During the last few decades, the CDC has been the only available source to provide a basis for comparison of hospital infection rates worldwide. Comparing the CDC’s hospitals’ rates with those of hospitals fromWestern Europe and Oceania is considered valid, due to their similar socio-economic conditions. In contrast, the comparison of CDC’s hospitals’ rates and those of hospitals with limited-resources or with sufficient available resources, but without enough experience in the field of infection control, should involve the consideration of the mentioned disadvantages in terms of socio-economic factors. US hospitals enjoy more than a 50-year unrivaled experience in infection control and surveillance, sufficient human and medical supply resources availability, and a comprehensive legal framework backing infection control programs, including mandatory surveillance and hospital accreditation policies. The higher SSI rates found in our study, in comparison to the rates for CDC’s hospitals, have also been influenced by such factual background.

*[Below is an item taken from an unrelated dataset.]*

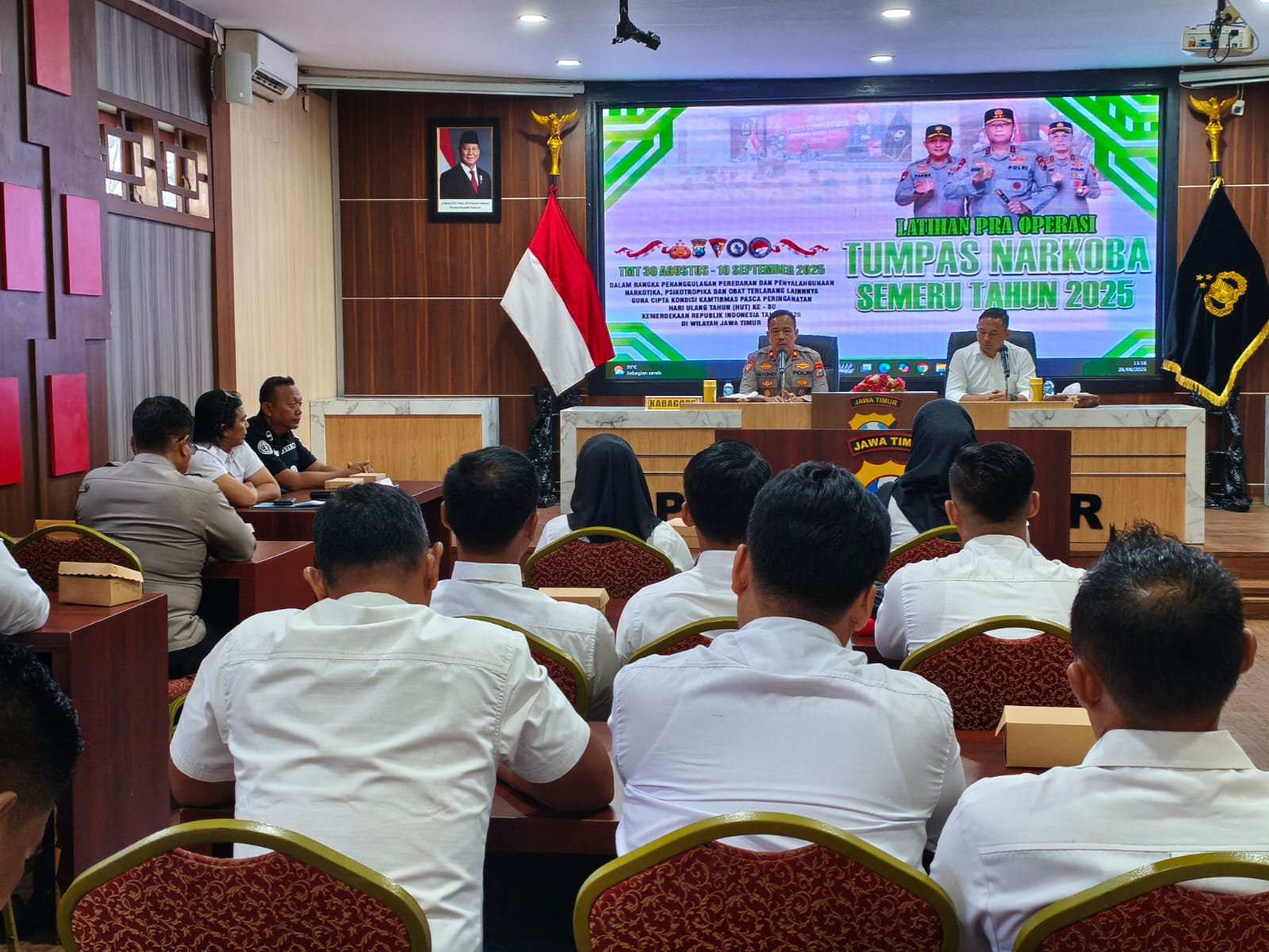Polres Jember serius dalam perang melawan narkoba. Hal itu dibuktikan dengan digelarnya Latihan Pra Operasi (Latpra Ops) Tumpas Narkoba Semeru 2025 di Aula Rupatama Mapolres Jember, Selasa sore, (26/8/2025).

The relation between the HAI rates
and the type of hospital (public, academic and private), and the relation between HAI rates and the country’s socio-economic level (defined as low-income, mid-low-income and high- income) have recently been analyzed and published by the INICC. Such studies’ findings showed that a higher country socio-economic level was correlated with a lower infection risk.
The comparison between this study’s findings and the data reported by the INICC 2005–2010 showed that SSI rates were similar in 55% of the analyzed SPs, whereas if compared with the CDC-NHSN for 2006–2008, SSI rates in this study were significantly higher in 73% of the analyzed SPs. This paper represents an important advance towards the knowledge of SSI epidemiology in India that will allow us to introduce targeted interventions. Furthermore, this study shows that INICC is a valuable international bench-marking tool, in addition to the CDC-NSHN, whose participating hospitals have unrivaled infection control experience and resources.